Шамаш надеялся, как можно большую часть Вавилонии удержать в своих руках. Если бы это ему удалось сделать, то у него тут же прибавилось бы союзников.

Однако у Набунацира было меньше воинов, чем у карлика, и воины у него были гораздо менее подготовлены, чем ассирийцы. Так что в такой не очень выгодной для вавилонян ситуации у них был только один единственный шанс рассчитывать на успех, это дать бой, заняв более выгодную исходную позицию.

И такой более-менее выгодной позицией могли стать холмы к северу от Куты, но предвидя это карлик поспешил подойти к ним первым.

***

Вавилония имела многотысячелетнюю историю, намного более древнюю, чем история соседней Ассирии, и это не могло не сказаться на самосознании вавилонян.

Нынешние жители Вавилонии себя считали в какой-то степени потомками шумеров (а на самом деле они являлись не только потомками шумеров, но и в последующем смешавшихся с ними нескольких волн семитских переселенцев, таких как аккадцев, амореев и арамеев, и позже всех пришедших в эту страну касситов), и поэтому после объявления себя независимым правителем Шамаш-шум-укин первым же своим указом объявил шумерский язык государственным, на котором отныне будут издаваться все правительственные постановления.

Новоаккадский язык, на котором в то время говорили в Вавилонии, был близок ассирийскому (ассирийский считался северным диалектом аккадского,), и поэтому вавилонские патриоты в пику ассирийцам старались изучать древний язык их страны, давно уже вышедший из употребления и на котором проводились только религиозные обряды в храмах, да ещё показывая свою эрудицию говорили и писали на нём отдельные учёные и интеллектуалы (ну а последних тогда даже в Вавилонии можно было пересчитать по пальцам).
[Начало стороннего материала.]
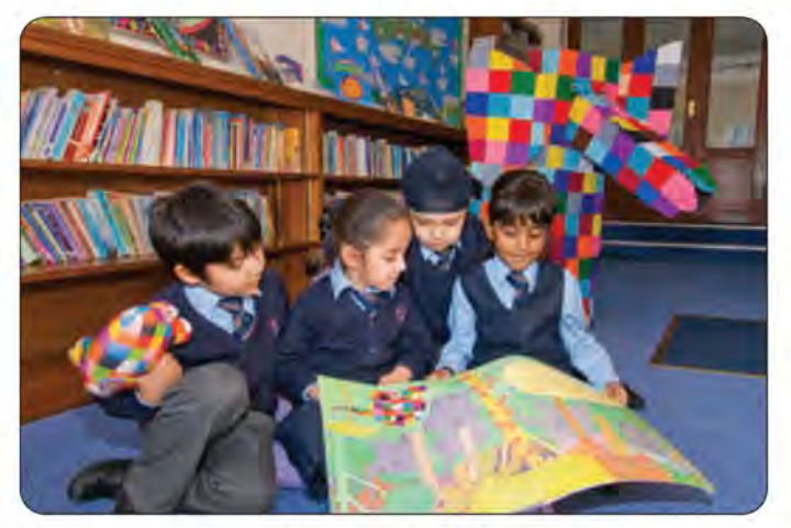
Is this where Elmer the Elephant lives? The Library is where Reception children find out.

There is emphasis on learning the alphabet phonetically, and we teach our children to form their letters correctly. They hear all sorts of stories and talk about them, too.
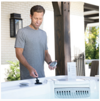
FreshWater® Salt System Ready
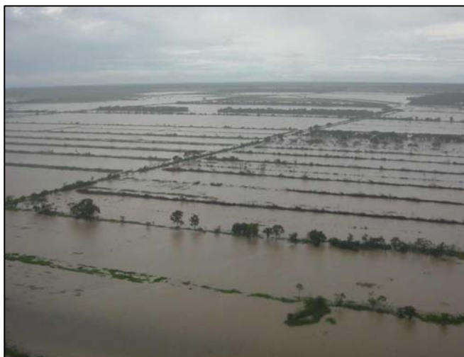
Heavy rainfall led to floods, which subsequently caused the devastation of many crops in the department of Santa Cruz.

the president declared a state of emergency (a red alert) on 21 January, in order to assist the affected people. The Civil Defense is managing the situation.

Впрочем, возрождение одного древнего языка и придания ему популярности было явно недостаточно, чтобы разорвать отношения между Вавилонией и империей. Уже много десятилетий Вавилония входила на правах автономной области в состав Ассирийского государства, и теперь, когда Шамаш-шум-укин объявил себя независимым правителем, необходимо было обосновать этот шаг ещё чем-то.

И тогда стали вспоминать всё то, что разделяло, а не объединяло два народа. Причём надо заметить, что это были два народа всё-таки близкородственные. У них по сути даже был один язык.

***

Конечно же, тут же вновь заговорили и о разрушителе столицы Мира, о неистовом Великом царе Синаххерибе, и о всяческих притеснениях вавилонян со стороны ассирийцев, ну ещё и о том, что в Ниневию уходила не малая толика их богатства в виде пошлин и налогов. Шамашу и его людям необходимо было как можно сильнее настроить соотечественников против центральных властей и это им вполне удалось сделать за сравнительно короткий промежуток времени.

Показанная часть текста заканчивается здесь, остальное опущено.